L’ABC de la guer­re

L'ARCHE réédite l'ouvrage de Bertolt Brecht

Publikationsdatum
30-11-2015
Revision
04-12-2015

C’est un curieux carnet de bord que tient Bertolt Brecht, pendant son exil entre 1935 et 1947. Il est constitué de coupures de presse, auxquelles il adjoint des quatrains qui commentent, détournent ou dénoncent le sens premier des images. Il appelle cela l’ABC de la guerre et l’édite en 1955 en Allemagne de l’est où il résidait, contre l’avis de la censure qui le juge bien trop pacifiste.
Réfugié d’abord dans les pays scandinaves puis en Californie, Brecht scrute une guerre lointaine mais qui le concerne. Pour Brecht, comme pour la plupart des Américains, la guerre se résume à une expérience médiatique. Conscient de la vacuité des représentations qui lui parviennent, il s’efforce de les faire parler par un acte poétique.
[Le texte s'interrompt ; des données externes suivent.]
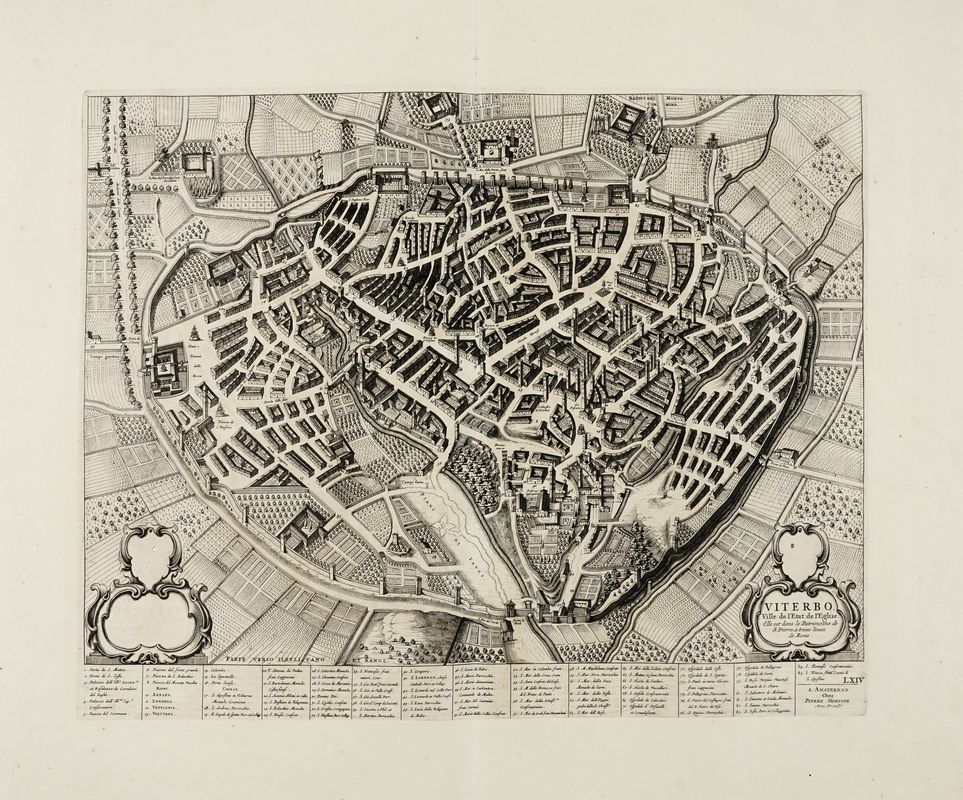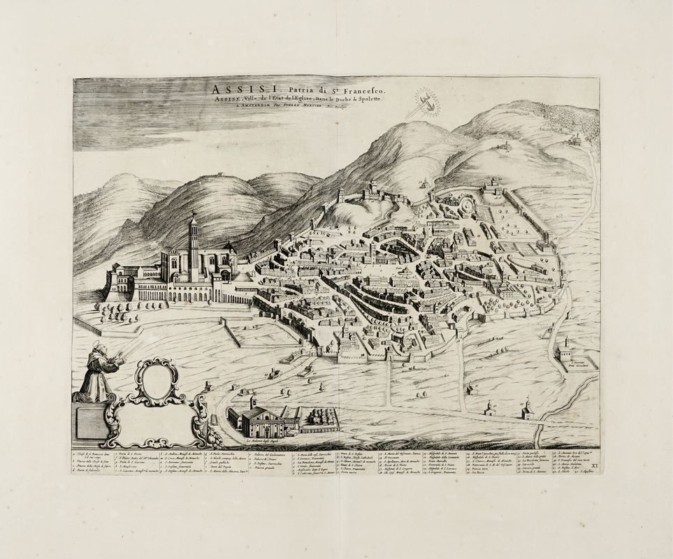 Incisione in rame. mm 450x565. Foglio:mm 575x690. SI AGGIUNGONO: Viterbo. Ville de l'Etat de l'Eglise... Incisione in rame. mm 420x532. Foglio: mm 575x685./ Assisi. Patria di S.t Francesco. Assise, Ville de l'Etat de l'Eglise, Dans le Duché de Spolette. Incisione in rame. mm 393x525. Foglio: mm 577x 698. Lotto di tre tavole da Nouveau theatre d'Italie ou description exacte de ses villes, palais, eglises, opera pubblicata ad Amsterdam nel 1704/1705 e di nuovo nel 1724.

Sa condition n’est pas sans rapport avec la nature furtive de la nouvelle guerre qui  obsède l’Europe depuis le 13 novembre. Comme cela fut le cas pour Brecht, l’expérience de la guerre est vécue pour la plupart sur le mode du spectacle. L’ennemi a disparu. Devenu trop lointain ou trop proche, il refuse d’être assigné à sa place d’ennemi conforme.  Il faut un tour de force dialectique des politiques pour nous persuader que nous sommes bel et bien en guerre. Le mot même de guerre résonne comme un pléonasme dans la bouche de ceux qui l’annoncent.

Les images envahissent la place laissée vacante par l’ennemi furtif. Elles deviennent, par la force des choses, le mauvais ciment qui peine à faire tenir ensemble le réel.  Pourtant, rien ne peut être pensé en dehors de la déferlante d’images et de séquences qui nous envahissent.

L’histoire se résume dorénavant à ce bref instant où l’image circule, mais n’a pas encore été vue. Les quelques dizaines de minutes,  le soir du vendredi 13 novembre,  pendant lesquelles les Parisiens ne savaient pas encore ce qui leur était tombé sur la tête.

A l’instar de ces Israéliens qui guettaient en 2014 sur les collines de Sderot  les signes d’une agression capable de justifier leur effort de guerre, nous cherchons l’armée derrière la brutalité. Les images ne seront d’aucune aide.  Par contre, le traitement que leur inflige Brecht, celui de les retourner contre leur propre vacuité, pourrait constituer une voie pour commencer à les faire signifier.

A Saint-Denis, le mercredi 18 novembre, il y avait deux armées : celle des gens d’armes, appelés en surnombre à combattre une chimère et celle des photographes mobilisés pour lui donner corps. La récolte a été triste. Pas de corps cette fois ci, juste un matelas criblé de balles et un immeuble éventré.